The mutation interpreter is already general and decl-agnostic. Store::run_body_op (oxc-runtime/src/lib.rs:3548+) interprets an Operation sequence (InsertIof, InsertTuple, Update, For, If, Return, … — oxc-protocol/src/core_ir.rs:389) and does not take the MutationDecl; the decl is consulted only for argument validation and capability checks at the boundary. The storage write methods (emit_iof_assertion, emit_relation_tuple, emit_individual_property_assertion) are origin-agnostic.

So the constraint is not semantic. It is three concrete wiring gaps:

  1. No request field for a body. DispatchDescriptor is { qualified_path, args, return_type } (oxc-serve/src/lib.rs:2671); resolution is query_decls.get(qualified_path) → 404 if absent. There is nowhere to put a body. (The runtime refusal ARGON_RUNTIME_UNSUPPORTED_QUERY_BODY at oxc-serve/src/lib.rs:6749 is a narrower executor gap — field projections in bodies are not yet executable — not an ad-hoc policy.)

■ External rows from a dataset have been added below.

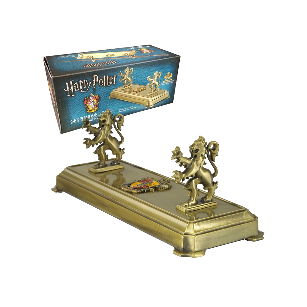 - A gold-coloured individual wand stand with the emblems of Hogwarts School of Witchcraft and Wizardry.
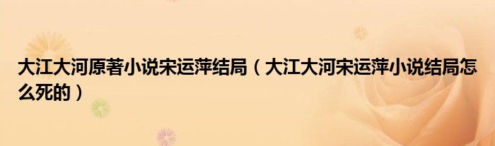 大家好,小生来为大家讲解下。大江大河原著小说宋运萍结局,大江大河宋运萍小说结局怎么死的很多人还不知道,现在让我们一起来看看吧!
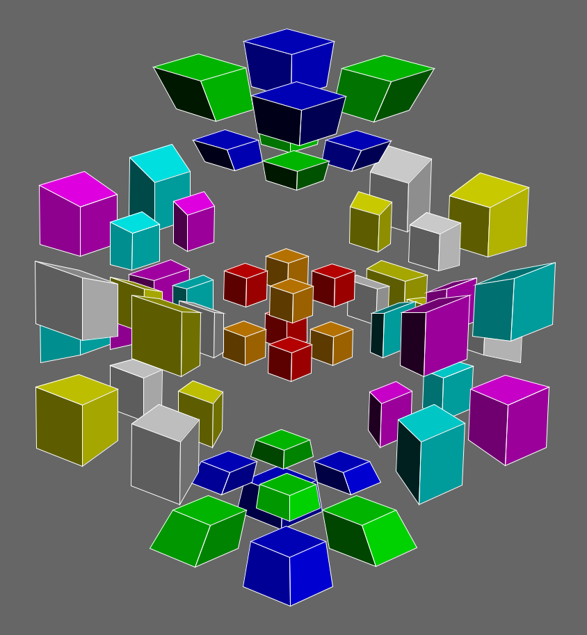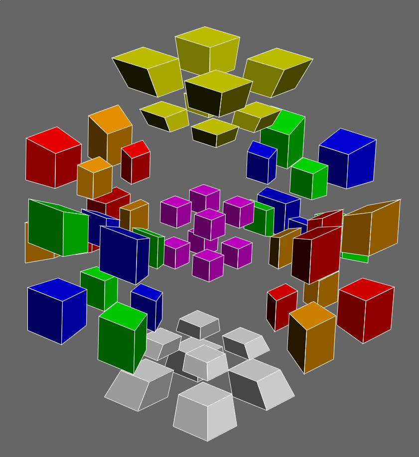 Something that can be looked into would be whether or not the full opposite checkerboard pattern can be made on every \(n^{2m}\) twisty puzzle, for \(n \ge 2, m \ge 2\), in a way similar to that described above. For example, can one parse a six-dimensional 3^6 twisty puzzle as a regular {4}x{4}x{4} in order to generate a full opposite checkerboard pattern on it, by repeating some pattern over three mutually perpendicular rings of four 5-cubes?
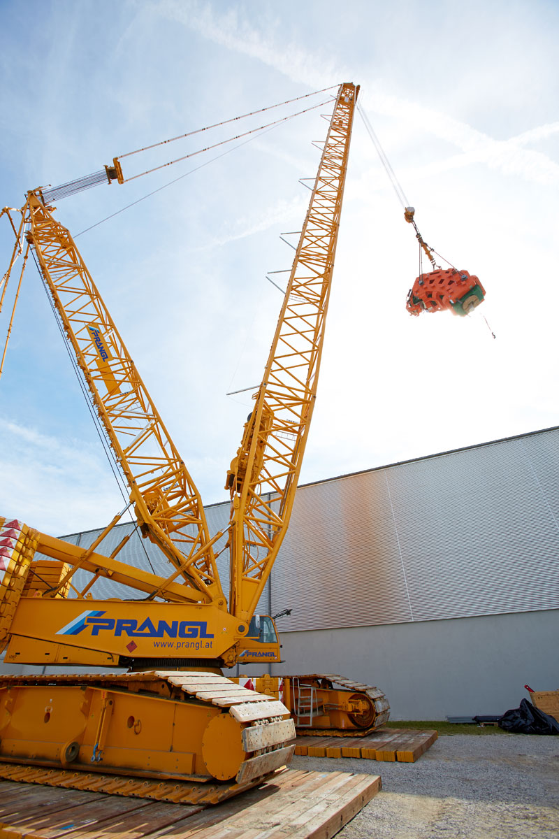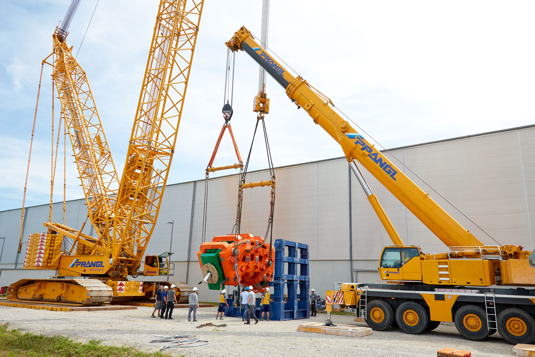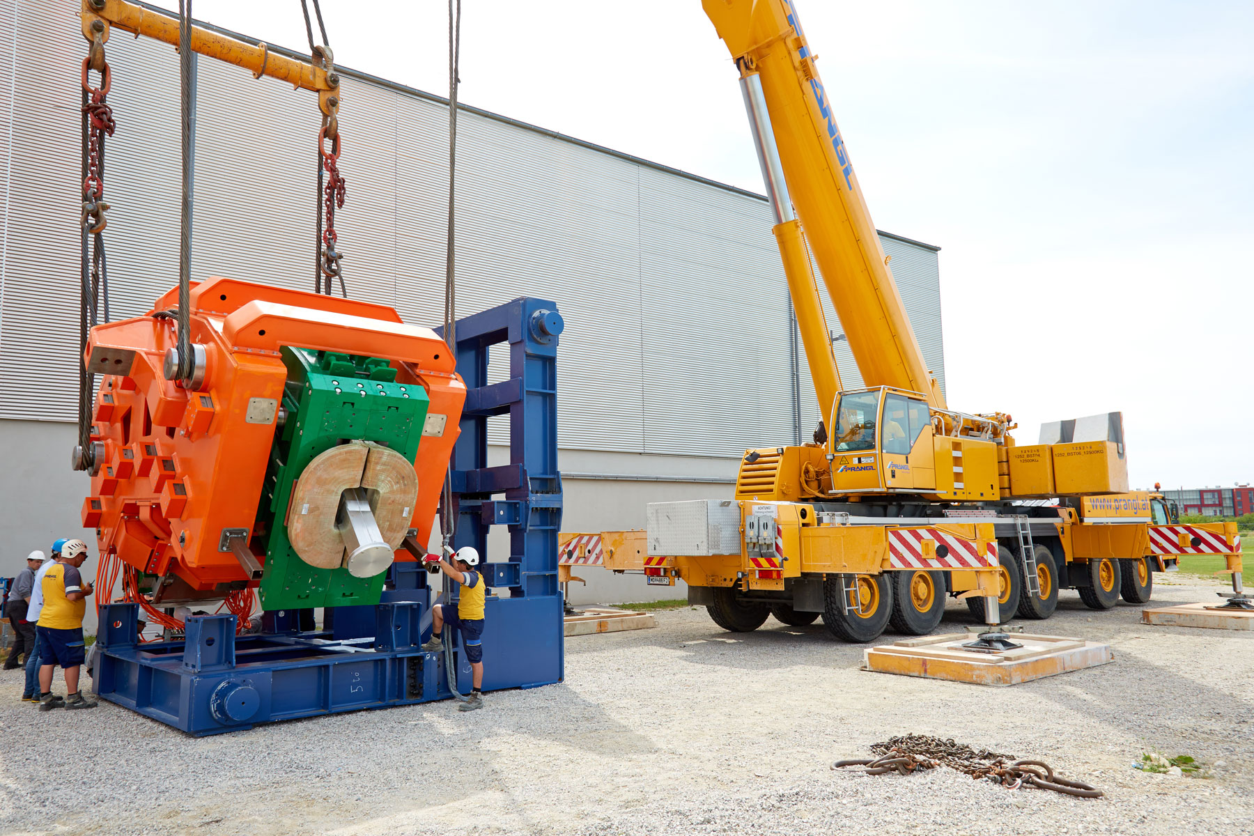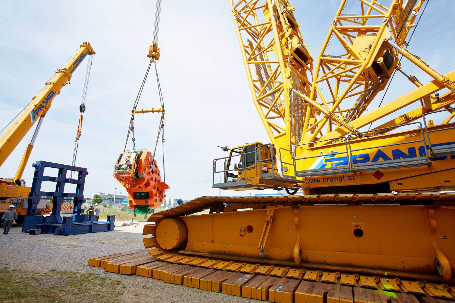 Nach dem endgültigen Zusammenbau wurde der Magnet von beiden Kränen wieder “zurückgedreht“ und schlussendlich mit dem 600 Tonnen Raupenkran durch die im Dach befindliche Einbringungsöffnung eingehoben. Wie bereits beim Ersthub klappte auch diesmal alles reibungslos. Die Vor-Ort-Kenntnisse, die präzise Planung und die gute Umsetzung durch alle Beteiligten machte auch dieses heikle Projekt zu einem vollen Erfolg.

  2. The compiler frontend is not linked into the serving binary. oxc-serve and oxc-runtime depend on oxc-reasoning, oxc-protocol, oxc-oxbin (+ storage) — and not oxc-parser, oxc-check, oxc-instantiate, oxc-resolver, or oxc-db (verified in both Cargo.tomls). The runtime can compile pre-lowered IR but cannot turn source text into IR.

  3. Name/type resolution is build-time. The frontend’s full type-checker (oxc-check) is bound to a Salsa OxcDb/Workspace/resolver.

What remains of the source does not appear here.